September 04, 2011 | Tips | en
A number of InDesign scripts manipulate words for counting, indexing, or other processing purposes. Given a text container—basically a Story
—the InDesign Scripting DOM provides many ways to handle text contents through specialized subclasses of the Text
interface: one can easily access to insertion points, character ranges, lines, paragraphs, text columns, styled-text chunks, and… words. Although this concept seems pretty straightforward, I tried to understand a bit better what it really means.
A word is not a word!
First of all, an InDesign-oriented word is not a lexical unit. If you create a new text frame and enter a crazy string like: *;§!:-/~_%$».

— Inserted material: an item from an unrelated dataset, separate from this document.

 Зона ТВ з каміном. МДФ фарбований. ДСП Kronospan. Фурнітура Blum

, the frame is surprisingly regarded as containing a word, and a single one. That's what is displayed in the Info panel and this is confirmed by the following test:
// selected is a text frame that only contains: // *;§!:-/~_%$». var myTextFrame = app.selection[0]; alert( myTextFrame.words.length ); // => 1
Note that in this simple case we use myTextFrame.words
rather than myTextFrame.parentStory.words
, but of course the distinction is crucial when you deal with threaded text frames, or text frames that have overset contents.

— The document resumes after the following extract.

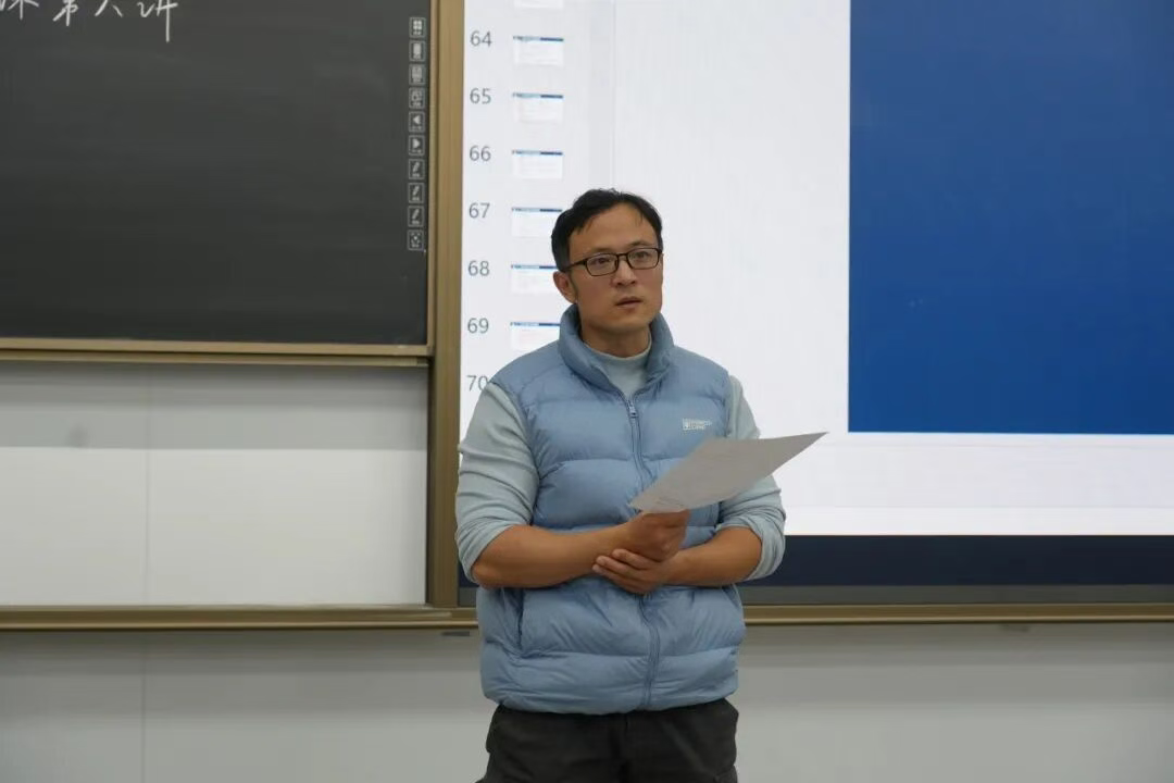 段继超在党课最后带领学子们重温了中国近代体育先驱刘长春在洛杉矶奥运会上“我中华健儿此次单刀赴会,万里关山此刻明。此刻国运艰难,愿诸君奋勇向前,愿来日我等后辈远离这般苦难”的豪言壮语,深刻阐释了强健体魄对于个人成长与民族发展的重要意义,勉励学子们将体育精神融入生活学习中,以奋斗之姿书写青春华章。

Obviously, an empty story has no word, since it has no character. However, do not conclude that a story contains a word as soon as it contains a character. The Info panel is misleading on this point and, in fact, may display wrong counts. For example, if a text frame only contains space characters—say one tab and one simple space—the Info panel will claim:
Characters: 2
Words: 1 // this is wrong!
Lines: 1
Paragraphs: 1
whereas actually myTextFrame.words.length==0
.
So, what is the right rule? In the InDesign scripting perspective a Word
is a maximal range of characters that do not own any word separator (like space, tab, etc.). Words are just defined as the pieces between these non-word regions. Hence, the whole point is to identify what a word separator is.
To break or not to break (words)
We already know that the space and the tab character are word separators. It is not so easy to find other specimens! General punctuation characters—including comma, colon, semicolon, slash…—are not word separators. The figure below shows some (surprising) examples of character strings which count for one single word:
Note that special characters such as the footnote marker, the table placeholder, a text variable, or any object anchor, do not break words.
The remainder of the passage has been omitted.